- _PROVIDED DATA_:
· · ·

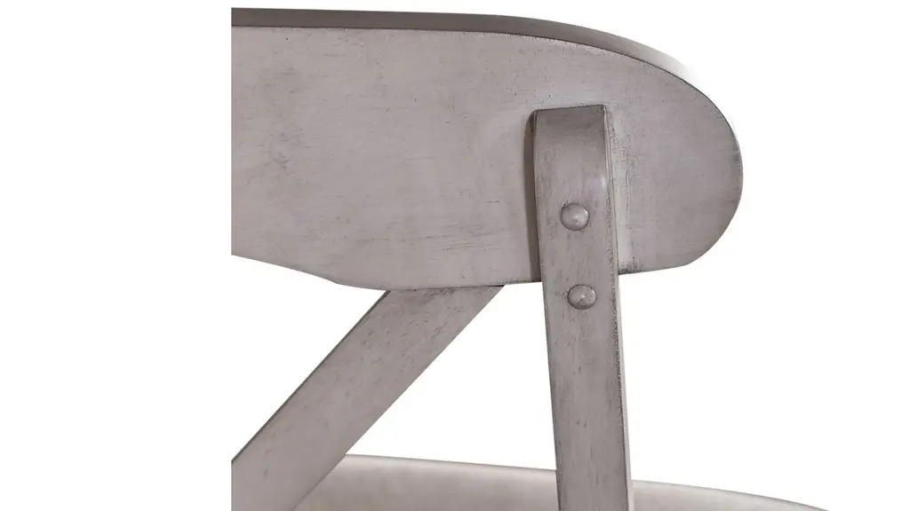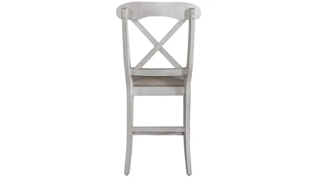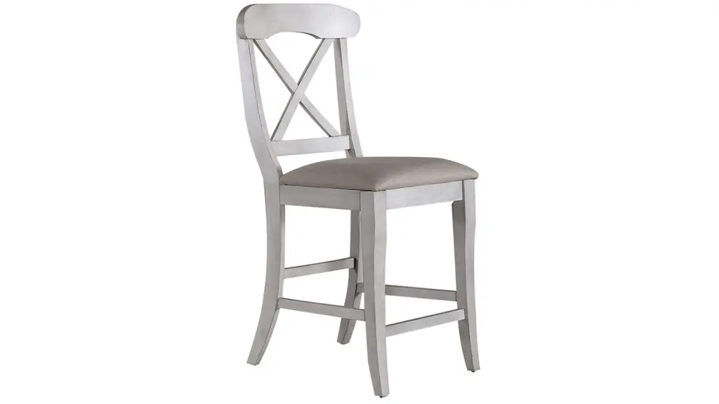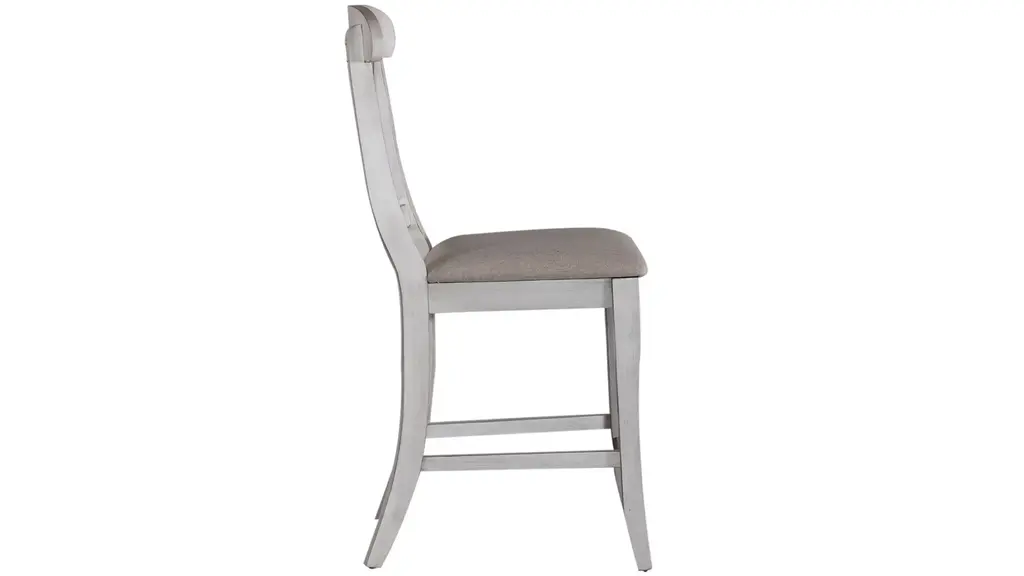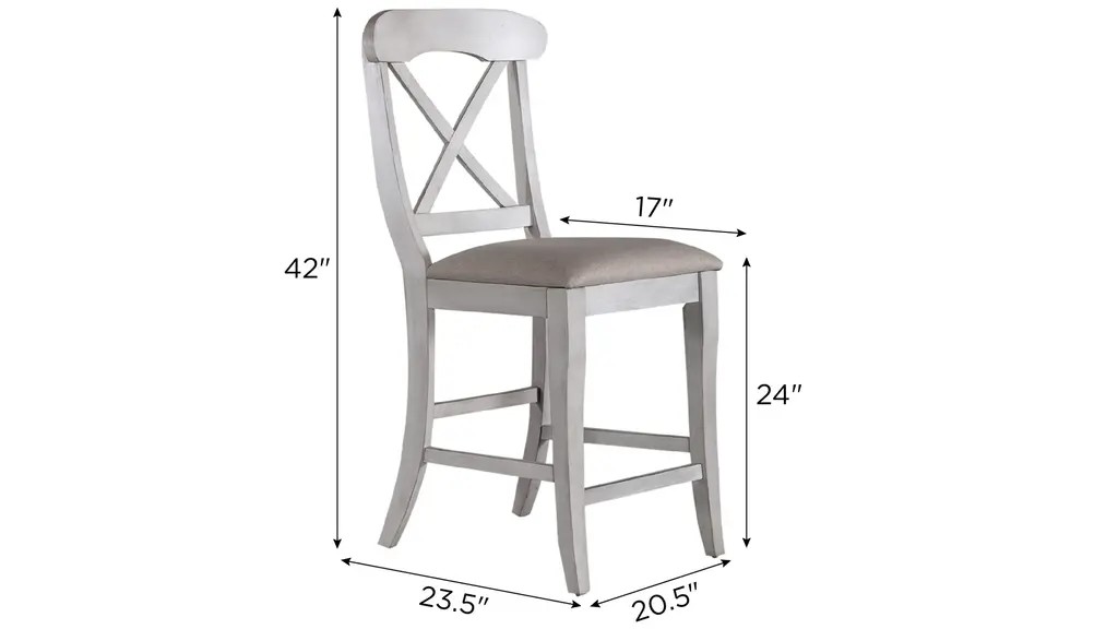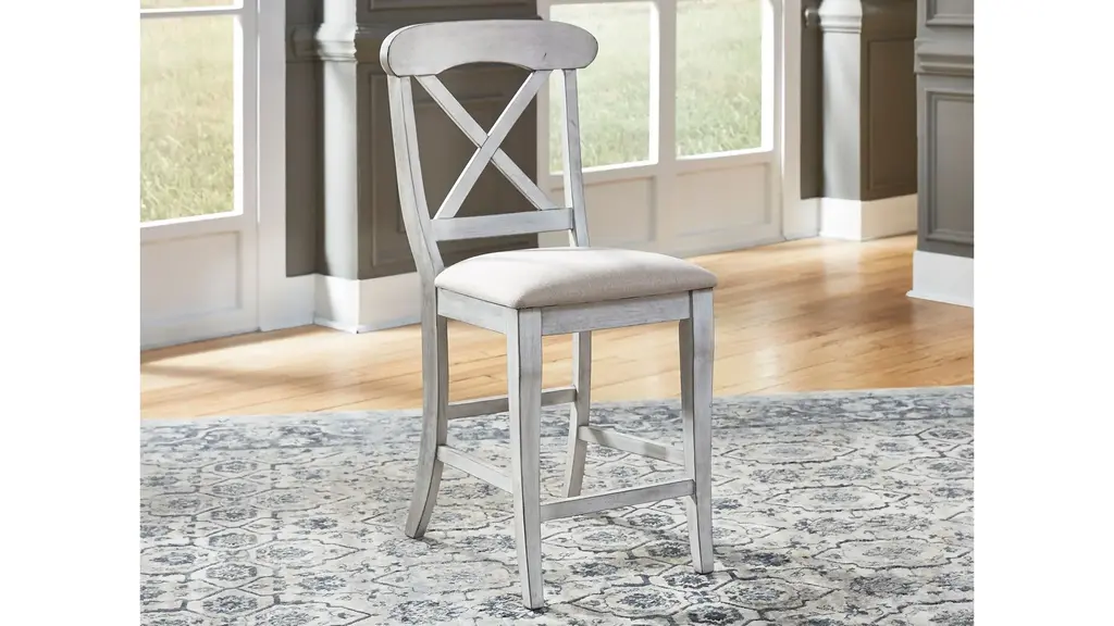 Sit in comfort and style with the Ocean Isle Counter Chair Set of 2. Crafted of rubberwood solids, this piece features an antique white finish, upholstery in grey linen, timeless napoleon styling, and is anchored by saber legs and nylon chair glides. This item is sure to be a great addition to any home. Elegantly styled and casually proportioned, this chair works in a dining room or kitchen dining combination effortlessly.
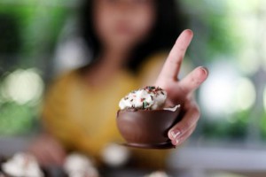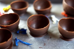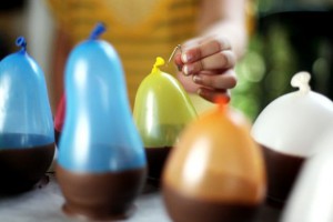 А теперь самое веселое – лопаем шарики! Аккуратно убираем остатки шариков и вуаля, у нас получились шоколадные вазочки.
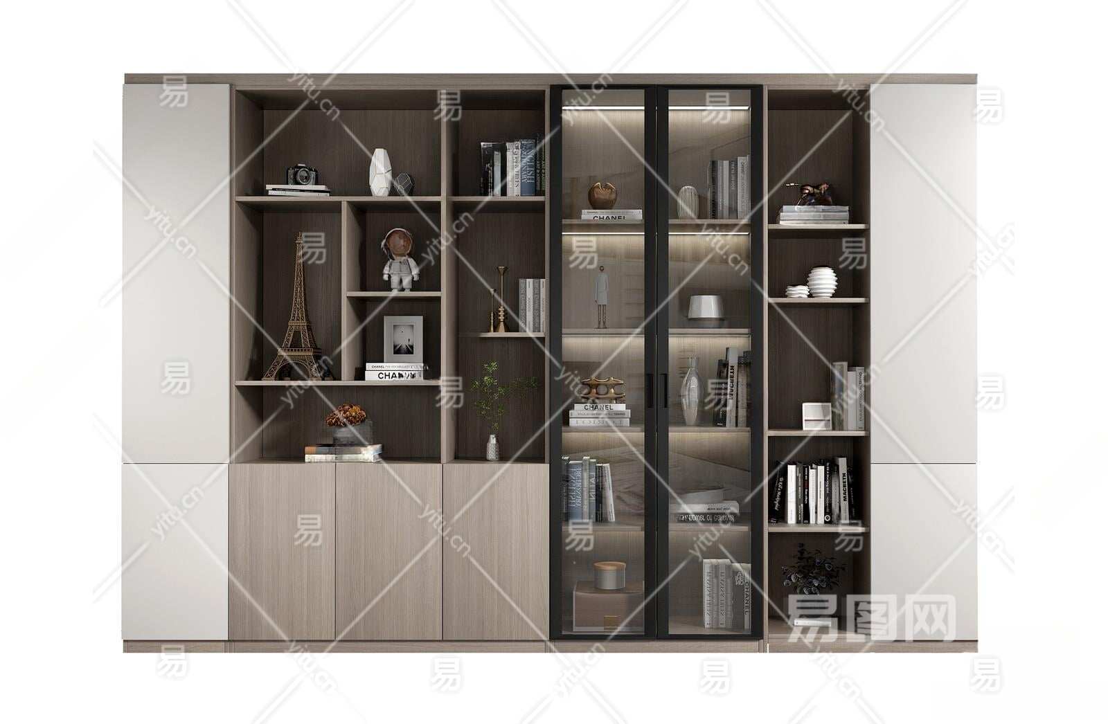 现代书柜3D模型下载

· · ·

Retype the listing verbatim, minus every image.

 Sit in comfort and style with the Ocean Isle Counter Chair Set of 2. Crafted of rubberwood solids, this piece features an antique white finish, upholstery in grey linen, timeless napoleon styling, and is anchored by saber legs and nylon chair glides. This item is sure to be a great addition to any home. Elegantly styled and casually proportioned, this chair works in a dining room or kitchen dining combination effortlessly.
 А теперь самое веселое – лопаем шарики! Аккуратно убираем остатки шариков и вуаля, у нас получились шоколадные вазочки.
 现代书柜3D模型下载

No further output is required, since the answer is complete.